• PROBLEM TO SOLVE
For the listing below, output exactly the lines from the line with "Falda larga blanca" up to and including the line with "李政玹运球出界判中国队球 韩国挑战成功拿回球权", and no other lines.
Top of DATA LISTING
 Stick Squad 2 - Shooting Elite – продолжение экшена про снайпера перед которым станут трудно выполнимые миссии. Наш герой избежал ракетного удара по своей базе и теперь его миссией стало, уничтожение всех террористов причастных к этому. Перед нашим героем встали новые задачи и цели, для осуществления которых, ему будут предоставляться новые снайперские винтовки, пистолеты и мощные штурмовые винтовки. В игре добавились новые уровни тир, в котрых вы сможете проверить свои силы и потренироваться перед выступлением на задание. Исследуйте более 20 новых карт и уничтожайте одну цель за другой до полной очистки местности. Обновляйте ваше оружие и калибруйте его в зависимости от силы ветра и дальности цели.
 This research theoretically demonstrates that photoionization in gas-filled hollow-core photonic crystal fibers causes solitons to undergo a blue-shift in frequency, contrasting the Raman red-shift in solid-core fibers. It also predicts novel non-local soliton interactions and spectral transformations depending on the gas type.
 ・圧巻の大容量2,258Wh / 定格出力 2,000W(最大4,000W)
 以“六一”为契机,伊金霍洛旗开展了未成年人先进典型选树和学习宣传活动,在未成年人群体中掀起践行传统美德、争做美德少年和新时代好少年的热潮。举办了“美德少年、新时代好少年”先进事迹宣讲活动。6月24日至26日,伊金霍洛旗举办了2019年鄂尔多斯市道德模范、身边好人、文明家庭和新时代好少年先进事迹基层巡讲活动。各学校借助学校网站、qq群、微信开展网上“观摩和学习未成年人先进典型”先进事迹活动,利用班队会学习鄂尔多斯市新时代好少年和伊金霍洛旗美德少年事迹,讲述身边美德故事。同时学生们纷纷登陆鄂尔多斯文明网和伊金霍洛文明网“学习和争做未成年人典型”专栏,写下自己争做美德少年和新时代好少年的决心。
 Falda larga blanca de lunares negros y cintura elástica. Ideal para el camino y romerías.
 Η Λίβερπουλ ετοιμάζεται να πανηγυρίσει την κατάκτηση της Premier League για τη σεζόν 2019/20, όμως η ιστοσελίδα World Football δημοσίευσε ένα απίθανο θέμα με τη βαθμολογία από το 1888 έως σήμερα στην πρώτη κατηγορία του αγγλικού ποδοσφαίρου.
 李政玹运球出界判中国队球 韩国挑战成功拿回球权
Bottom of DATA LISTING
Top of DATA LISTING
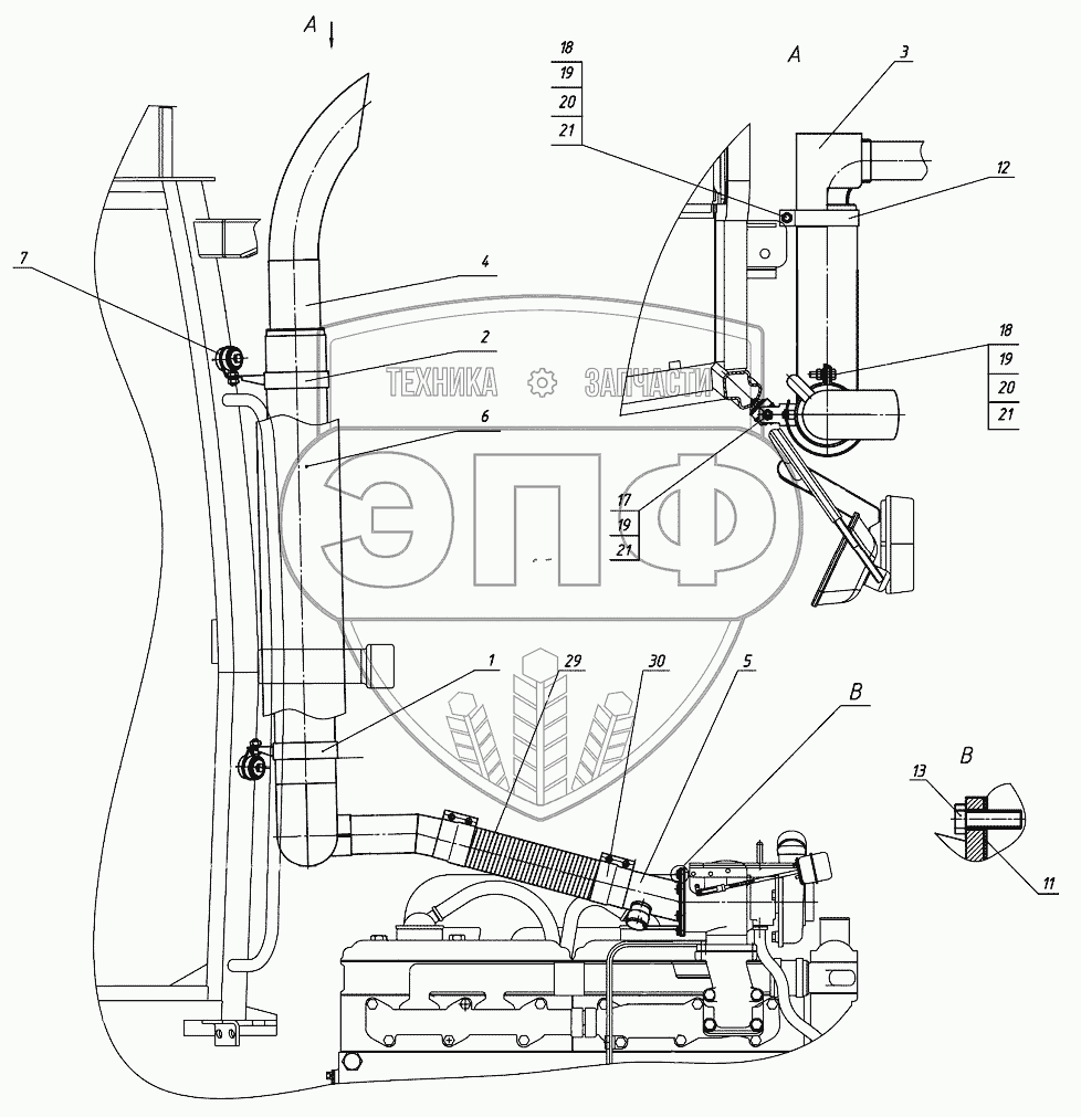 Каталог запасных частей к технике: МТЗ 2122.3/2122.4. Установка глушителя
Bottom of DATA LISTING
• WRITTEN SOLUTION
 Falda larga blanca de lunares negros y cintura elástica. Ideal para el camino y romerías.
 Η Λίβερπουλ ετοιμάζεται να πανηγυρίσει την κατάκτηση της Premier League για τη σεζόν 2019/20, όμως η ιστοσελίδα World Football δημοσίευσε ένα απίθανο θέμα με τη βαθμολογία από το 1888 έως σήμερα στην πρώτη κατηγορία του αγγλικού ποδοσφαίρου.
 李政玹运球出界判中国队球 韩国挑战成功拿回球权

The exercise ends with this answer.